Endoscopic Surveillance for Esophageal Adenocarcinomas
Endoscopic Surveillance for Esophageal Adenocarcinomas
The underlying study population was all adult (≥18 y) members of Kaiser Permanente, Northern California (KPNC) during the years 1995–2009. KPNC is an integrated health care delivery system with approximately 3.3 million current members who are approximately representative of the age, sex, and ethnic distributions of the underlying regional population. Patients with Barrett's esophagus receive surveillance examinations through physician-directed recommendations.

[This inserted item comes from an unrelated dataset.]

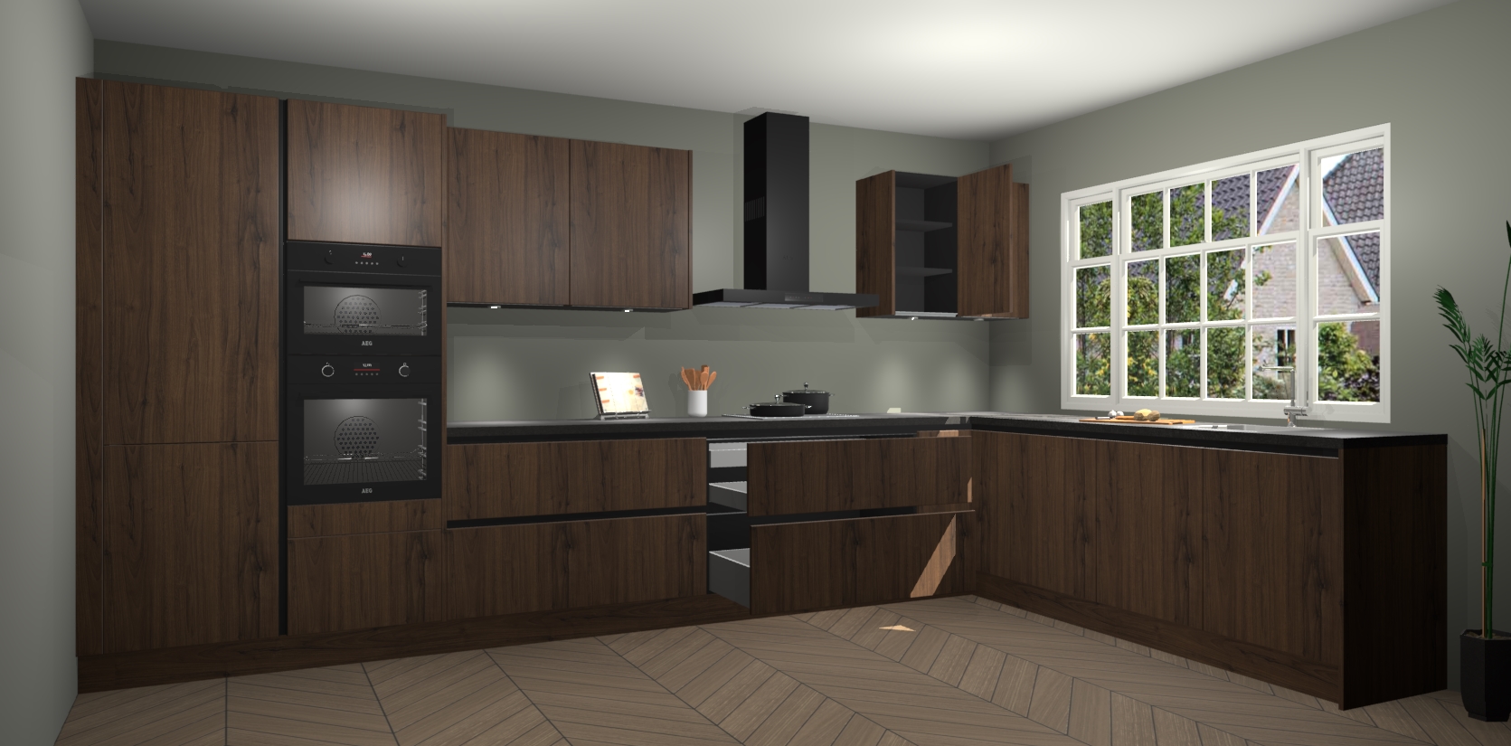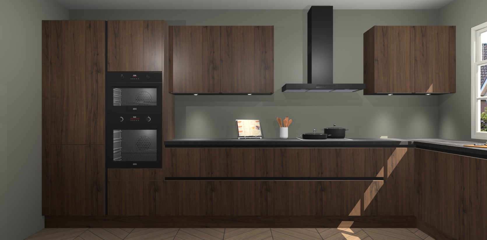 Kom dichtbij de perfecte keuken van uw dromen met de noten greeploze keuken Graz. Met een prachtige houtlook en eigentijds ontwerp, straalt deze keuken warmte en sfeer uit. Of u nu liefhebber bent van traditionele of moderne stijlen, er is genoeg ruimte om aan al uw behoeften te voldoen.

Persons with Barrett's esophagus were identified using physician-assigned electronic diagnoses followed by manual confirmation using endoscopy and pathology records. Electronic diagnoses used the International Classification of Diseases, 9th revision code 530.2, which at KPNC is uniquely coded as Barrett's esophagitis, International Classification of Diseases, 9th revision code 530.85 (Barrett's esophagus), or the College of American Pathologists' Systematized Nomenclature of Human and Veterinary Medicine code 73330 (Barrett's esophagus). Manual physician review for confirmation required the presence of visible endoscopic changes consistent with Barrett's esophagus and the histologic presence of esophageal intestinal metaplasia. Patients were excluded if they had only gastric-type metaplasia of the esophagus, had columnar metaplasia without intestinal metaplasia, lacked endoscopic changes indicating Barrett's esophagus; or lacked an esophageal biopsy. Prior validation studies by our group showed that these combined methods (electronic coding, manual review, and pathology review) were accurate and highly reproducible.

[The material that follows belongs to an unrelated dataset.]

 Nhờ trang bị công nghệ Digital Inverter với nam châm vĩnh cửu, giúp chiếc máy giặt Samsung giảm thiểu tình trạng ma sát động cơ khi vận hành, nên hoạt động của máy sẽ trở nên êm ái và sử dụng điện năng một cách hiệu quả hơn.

The index date for cases was the cancer diagnosis date. The index date for controls was the corresponding date for their matched case.

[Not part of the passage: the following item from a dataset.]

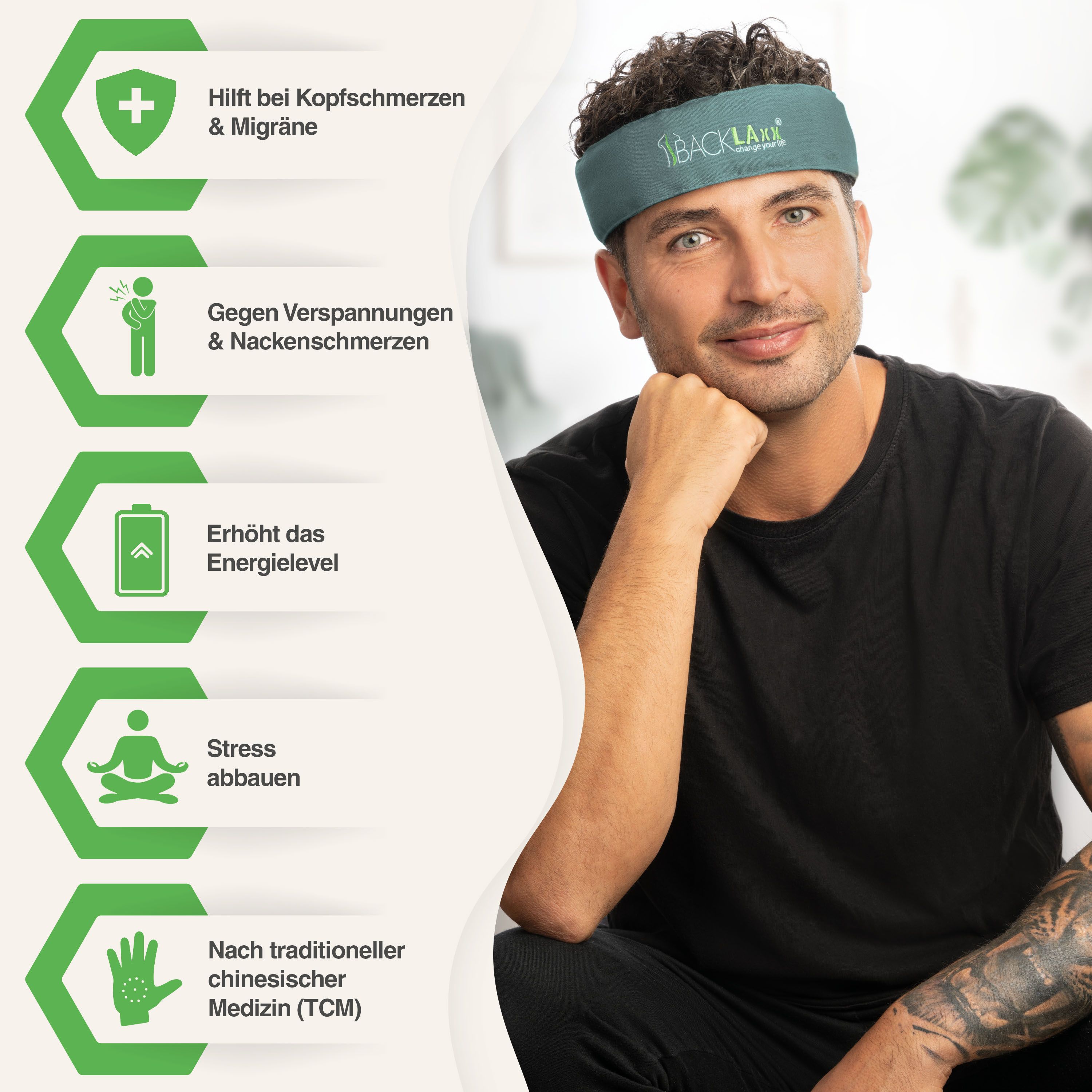Più relax a casa, in ufficio o durante i viaggi. 230 punte particolarmente intense per una stimolazione ideale Realizzato con materiali naturali Allevia mal di testa e emicrania Caratteristiche: Efficace: L'agopressione per la testa può alleviare il mal di testa da tensione, migliorare la circolazione sanguigna, avere un effetto detox e ridurre le rughe sulla fronte. Il rilascio di endorfine aumenta il benessere! Allevia IL Dolore: L'uso regolare di soli 15 minuti con la fascia di agopressione per la testa può alleviare mal di testa e emicrania! Perfetto a casa, in viaggio o in ufficio. Regolabile grazie alla chiusura a velcro. Rilassamento & Felicità: Nella medicina tradizionale cinese, i punti di agopressione vengono trattati con stimolazione tramite aghi. Questo bilancia i flussi energetici interni e stimola le forze di autoguarigione! Sostenibile: La nostra fascia di agopressione per la testa è realizzata in modo ecologico, antibatterico e durevole. Per la fascia di agopressione vengono utilizzati materiali naturali come lino e cotone. Con imballaggio 100% riciclabile. SET Completo: Fascia di agopressione regolabile con sacca: 70x6x2 cm. Totale di 230 aghi su 10 rosette. Download gratuito: 1x videocorso, 2x audiolibri con 110 minuti di rilassamento e 1x eBook. Finalmente di nuovo la testa libera Con l'aiuto della fascia di agopressione sostenibile, puoi combattere naturalmente i fastidiosi mal di testa e le emicranie. Quello che ricevi per il tuo benessere Fascia di Agopressione La fascia ha 230 punte particolarmente intense per la stimolazione. Il rivestimento è realizzato in lino e il riempimento è in cotone. Con la fascia puoi goderti applicazioni stimolanti di agopressione sulla testa. Grazie alla pratica borsa, puoi goderti l'applicazione anche in ufficio o durante i viaggi. Videocorso Riceverai accesso al nostro videocorso esclusivo con informazioni dettagliate sull'agopressione e 6 esempi pratici di applicazione. E-Book Scopri tutto ciò che devi sapere sull'agopressione. Ti forniremo esempi pratici di applicazione per la tua fascia di agopressione e 8 suggerimenti per intensificare l'uso. Audiolibro Con l'aiuto dell'audiolibro 'Il viaggio energetico', troverai ancora più relax durante l'applicazione della tua fascia di agopressione! Riceverai circa 110 minuti di esercizi di rilassamento per il tuo benessere. Indicazioni per la cura Basta mescolare acqua tiepida con un po' di detersivo e risciacquare il rivestimento a mano per qualche minuto. La fascia di agopressione BACKLAxx® si asciuga meglio all'aria o sopra un termosifone. Dimensioni Fascia per la testa: 70 x 6 x 2 cm Totale 230 punte (10 rosette con 23 punte ciascuna) Set 1x fascia per la testa Download gratuito: 1x videocorso sull'agopressione 2x audiolibri con circa 110 minuti di rilassamento 1x eBook sull'agopressione Domande frequenti Come funziona una fascia di agopressione per la testa? La fascia di agopressione è dotata di 230 punte particolarmente intense che agiscono su specifici punti di agopressione sulla testa. Questo favorisce la circolazione sanguigna, allevia mal di testa e emicranie e può contribuire al rilassamento. Puoi anche indossare la fascia sul retro della testa per alleviare dolori e tensioni al collo. La fascia è regolabile? Sì, la fascia è dotata di una cinghia regolabile con cui puoi adattare la vestibilità alle tue esigenze. In questo modo, puoi determinare individualmente la tensione e la comodità. La fascia di agopressione aiuta davvero tutti? Esistono diversi studi scientifici che suggeriscono che l'agopressione sia un metodo efficace per alleviare mal di testa e emicrania. Inoltre, l'agopressione può portare sollievo a chi soffre di insonnia primaria. Dai un'occhiata anche alle recensioni dei nostri clienti soddisfatti, molti di loro parlano di miglioramenti nella loro salute. L'applicazione è dolorosa? Le prime applicazioni con la fascia di agopressione possono sembrare insolite e molto stimolanti. Tuttavia, ci si abitua rapidamente a questa nuova stimolazione, che nella maggior parte dei casi non viene percepita come dolore. Di che materiale sono fatte le punte? Le punte sono realizzate in plastica Hips resistente agli urti, un materiale utilizzato anche in medicina. Vengono fissate al rivestimento tramite un processo di pressatura a caldo, senza l'uso di colla.

Cases were adult KPNC members who were diagnosed with esophageal or gastroesophageal junction adenocarcinoma before September 2007; had a Barrett's esophagus diagnosis (as defined earlier) 6 months or more before their cancer diagnosis; and subsequently died of esophageal/gastroesophageal junction adenocarcinoma or its complications before December 31, 2009 (Appendix, Supplementary Table 1). Cancers were identified using the region's Surveillance, Epidemiology, and End Results (SEER) cancer registry; audits confirm the registry captures 99% or more of cancer diagnoses among KPNC members. Site and histology definitions used the International Classification of Disease for Oncology, 2nd edition, codes for esophageal carcinoma (C15.0–C15.9) and the gastroesophageal junction (C16.0); both locations were included to permit identification of all pertinent cancers.
Survival status was ascertained from mortality files that concatenate data from the SEER registry, membership files, death certificates, and the Social Security Death Index; cause of death was determined by manual record review.
Controls were KPNC members with a diagnosis of Barrett's esophagus (confirmed as described earlier) who did not die of esophageal or gastroesophageal junction adenocarcinoma through the end of the follow-up evaluation. Controls were matched to cases by age at Barrett's esophagus diagnosis, year of Barrett's esophagus diagnosis, medical center of Barrett's esophagus diagnosis, sex, and race (Table 1). For patients who lacked an exact diagnosis year match, we expanded the diagnosis year to within 1 or 2 years, and for patients without an exact race match, we modified the race category to white vs nonwhite. We did not exclude living patients with a cancer diagnosis from the control group so that we could include patients who may have benefited from surveillance. This matching scheme provided similar time periods and durations for surveillance opportunities between cases and controls.
A surveillance endoscopy was any esophagogastroduodenoscopy performed principally for cancer surveillance of a previously documented Barrett's esophagus, not for symptoms. A patient in surveillance was someone who had at least 1 surveillance endoscopy within the 3 years before the index date. We included as surveillance examinations those that diagnosed the index cancer, if the examination was performed only for surveillance and not for symptoms. A 3-year interval was selected a priori because it is the shortest recommended interval in guidelines for persons without dysplasia and, thus, the one most likely to be associated with a mortality benefit. Assignment of surveillance status used endoscopy reports, pathology requests, and outpatient visits; prior research by our group determined the surveillance status assignment was 97% reproducible between blinded reviewers.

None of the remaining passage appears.